I think you have to first think about your chunking strategy. You want your chunks to contain entire thoughts and not thought fragments. Remember, these chunks are retrieved, and then presented to the LLM in the prompt, so they need to make some sense.

If your chunks are too small, they likely won’t contain entire thoughts, but your embedding of this small chunk is very precise. If your chunks are too big, they contain lots of thought, and your embedding is less precise because of the varying amount of information in the big chunk.

And so this is where all the fun begins. How do you solve this problem? Or do you just pick a chunk size and percent overlap and call it good :rofl: The latter is what most people do, because that is what a lot of these automated chunking tools do.

But the rabbit hole just gets deeper. Why not chunk at various levels? Then with some amount of awareness of how these chunks are related to each other, you can formulate a more optimal chunk, by finding a large amount of smaller chunks within a single large chunk, and then retrieve the larger chunk that corresponds. So you get the best of both worlds, precise embeddings, and more cohesive thoughts per chunk. You can see where this is headed … it’s an optimization problem.

You could run sentiment, entity extraction too. You just need to figure out how to use this from a search perspective.

One thing related to this is keyword search. A simple one that I have implemented is a log normalized TF-IDF. This works best for your larger chunks.
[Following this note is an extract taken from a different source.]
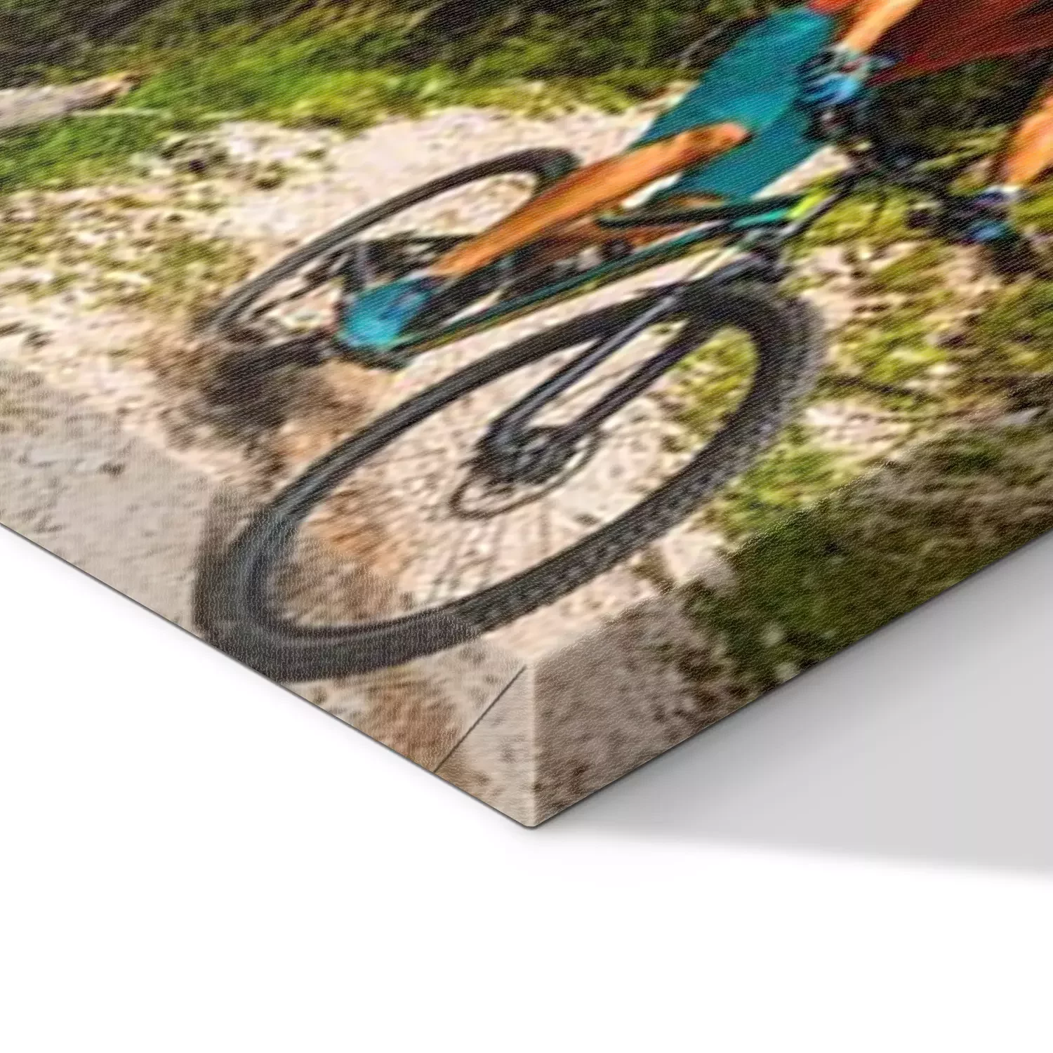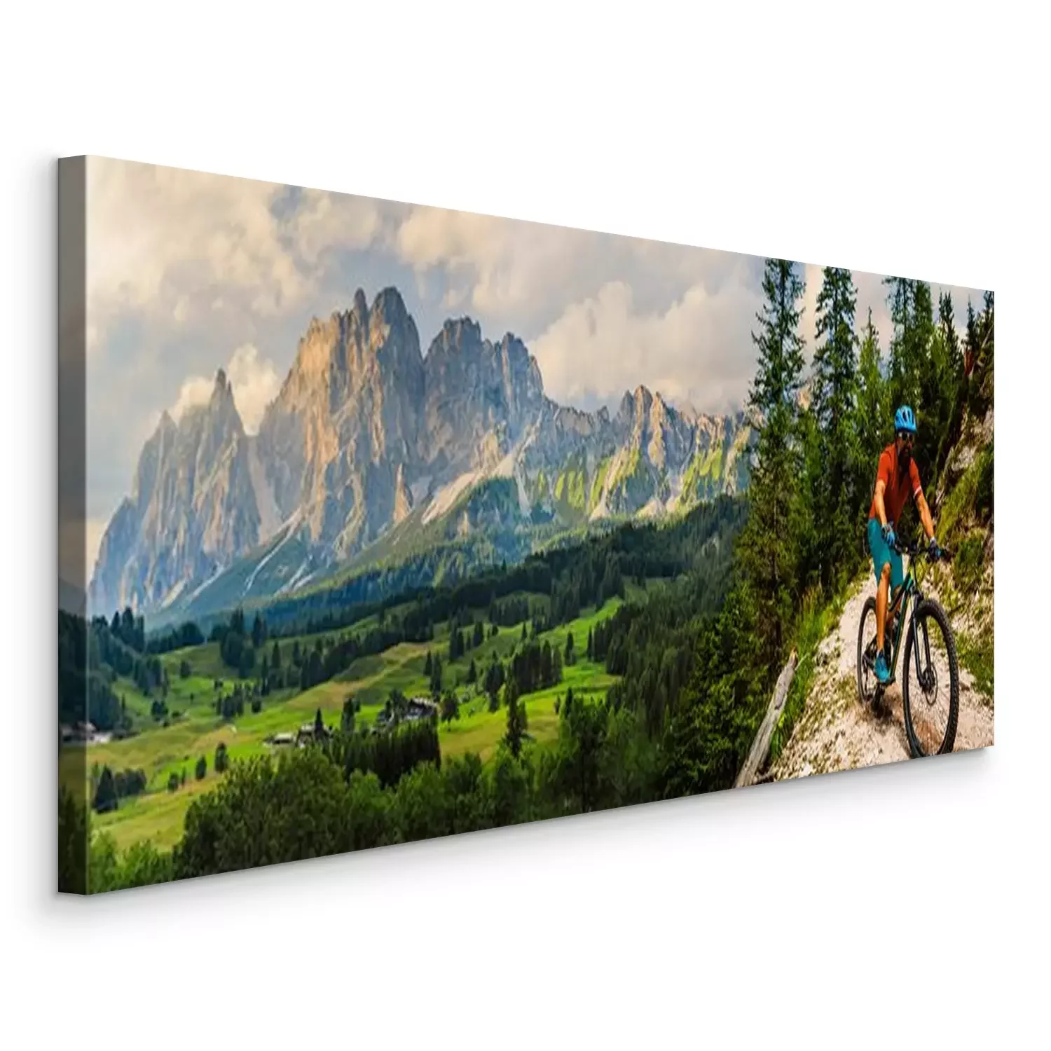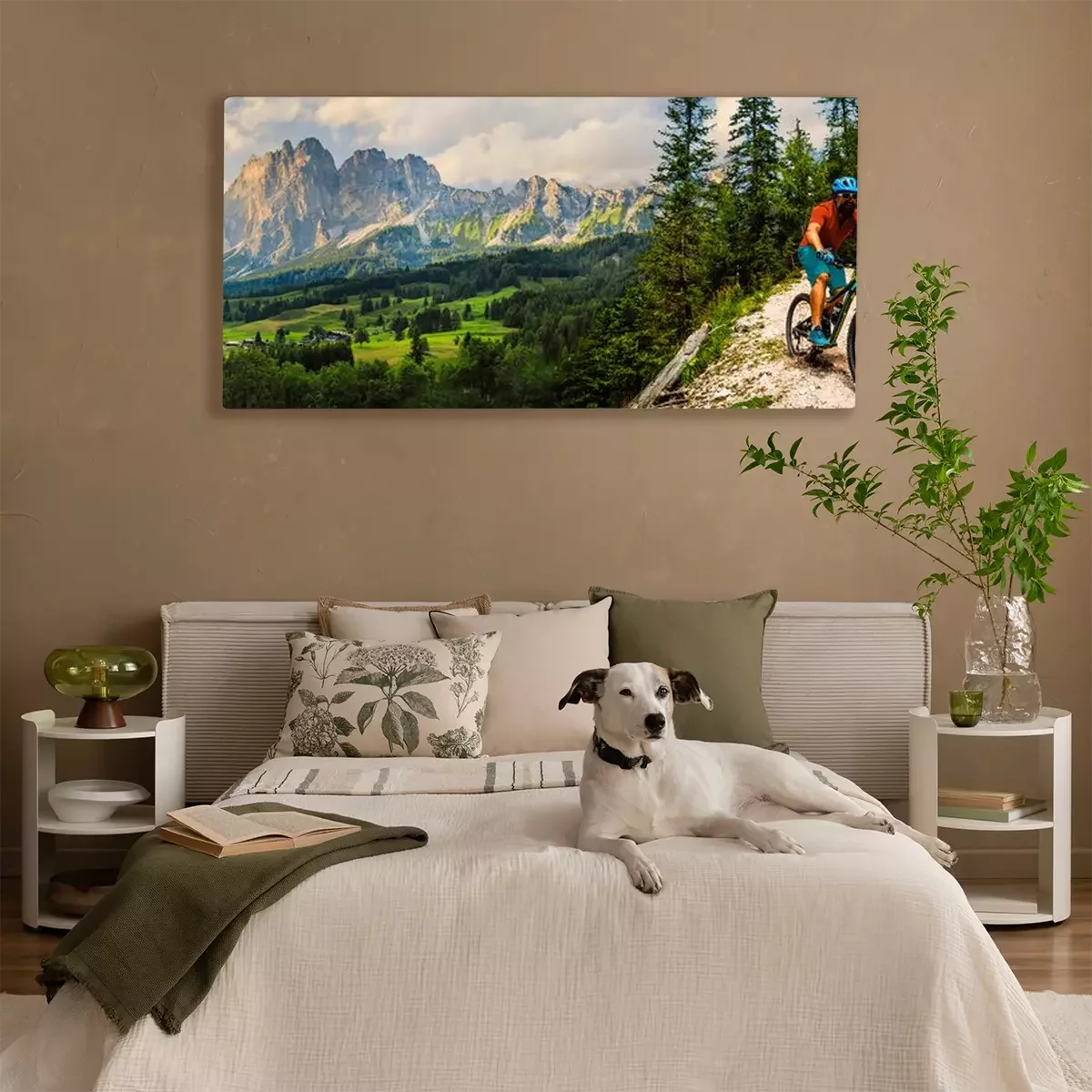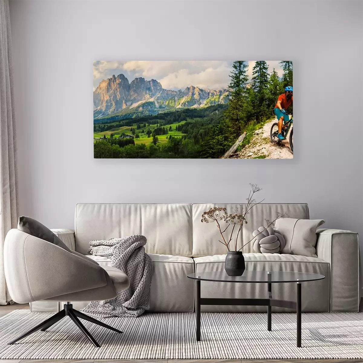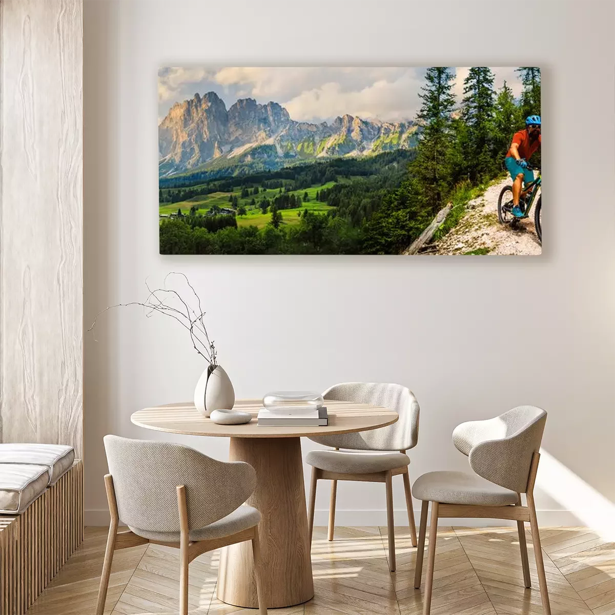 Tableau  Tourist cycling in Cortina d'Ampezzo, stunning rocky mountains on the background. Man riding MTB enduro flow trail. South Tyrol province of Italy, Dolomites.

What you do is break down each chunk into a bag of lower cased words. Then you essentially count each word in the chunk. You also count how many total chunks each word occurs in. You can use this information to find relevant keywords, specific to your data. As the most important keywords are the ones that have the lowest repeats and lowest presence across all the chunks.

This keyword search leg can be combined with your embeddings, by ranking each stream separately and combining them with hybrid search fusion algorithms such as RRF or RSF (ref).

RRF is easier to implement, but RSF may be more precise, especially when there are multiple ambiguous correlations.

So, that’s pretty much it. There are a lot of variations to this theme. It’s certainly a fun and challenging problem to optimize. But, as you alluded to, it’s definitely more on the retrieval side IMO.